A native EVM fault proof is necessarily at the mercy of changes to the upstream EVM. Ethereum hardforks approximately twice per year and at least one of these hardforks will typically introduce EVM tweaks (some more than others, like the introduction of EIP-1559 in the London hardfork). If a native EVM proof system wants to maintain upstream EVM equivalence, the proof contracts must be upgraded.

The same hard-forks that will require audits in the EVM-native approach will also likely trigger audits in the lower-level-VM approach. In our view, the difference in engineering/auditing effort for a single client isn’t substantial — and as argued earlier, the EVM-native approach pulls ahead in the multi-client case.

Introducing new features

A system with a native EVM proof may struggle further when attempting to introduce new features outside of the EVM. Take for example calldata compression […]

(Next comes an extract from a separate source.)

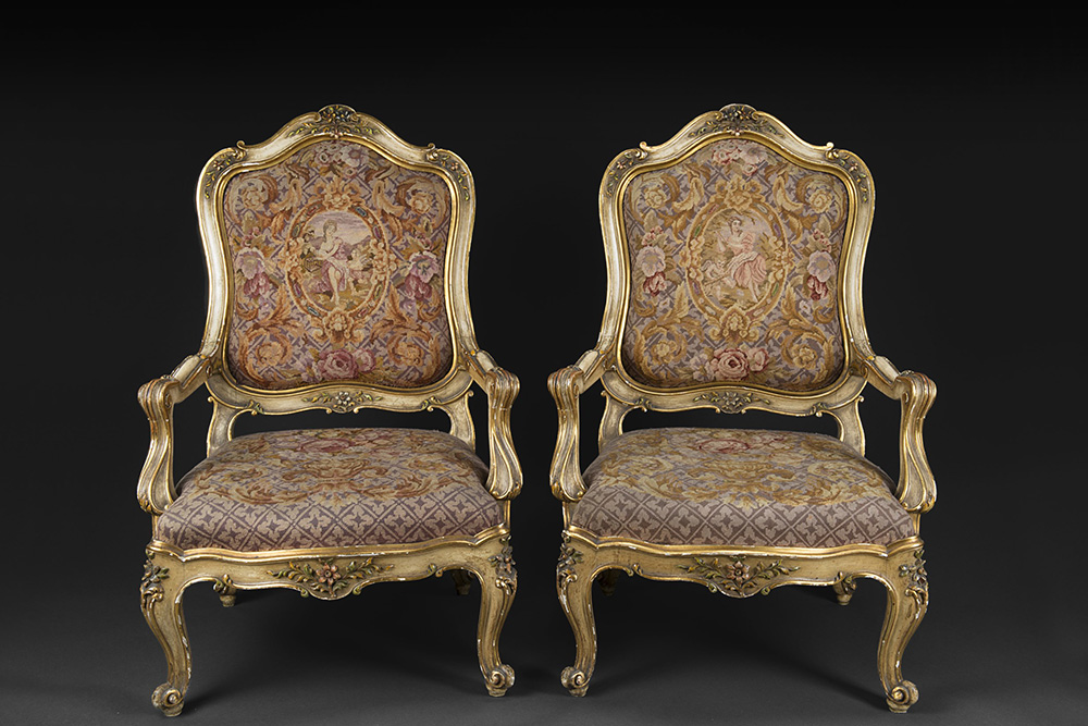 Coppia di poltrone in legno laccato con profili dorati e fregi scolpiti in rilievo a fiori policromi. Tessuti a piccolo punto (lievi difetti) A pair of parcel-gilt and lacquered wood armchairs covered in needlepoint fabric (minor defects)

We agree that certain features outside the purview of the EVM — such as calldata compression — may be useful for achieving low transaction costs for users (although with recent developments in data availability layers that leverage existing trust in Ethereum, this specifically may not be immediately necessary). The lower-level VM approach does have some more flexibility here. However, all hope is not lost.

By separating L2 extensions from EVM semantics, we can focus on ensuring the security of the on-chain verifier. A distinct verifier can be introduced to support L2 extensions, keeping the core EVM verifier separate and intact. We currently plan to plug in zero-knowledge proof techniques for verification of such extensions. While executing EVM semantics in a SNARK may be complex, L2 extensions such as data compression are simpler to handle, since the specification of semantics is completely under our control (and can therefore be designed to be SNARK-friendly). We note that this is still an ongoing area of research.

Engineering effort

The native EVM proof contract is significantly more complex than the low-level proof, sufficiently so that even building a single native EVM proof will be a massive engineering effort. However, the existence of KEVM means that it might be possible to formally verify the correctness of the EVM aspect of the proof.

We believe this is an overestimation, given the amount of engineering resources we’ve dedicated thus far to building Specular. Furthermore, as discussed above and acknowledged in the post, many of the concerns can be practically addressed with formal methods.

Footnotes

[1] We use the term EVM-semantics inclusively of both the inter- and intra-transaction semantics defined in the Ethereum yellow paper.

[2] For disambiguation, we refer to software that implements Ethereum as client programs and their instantiations (i.e. actual nodes running the software) as clients.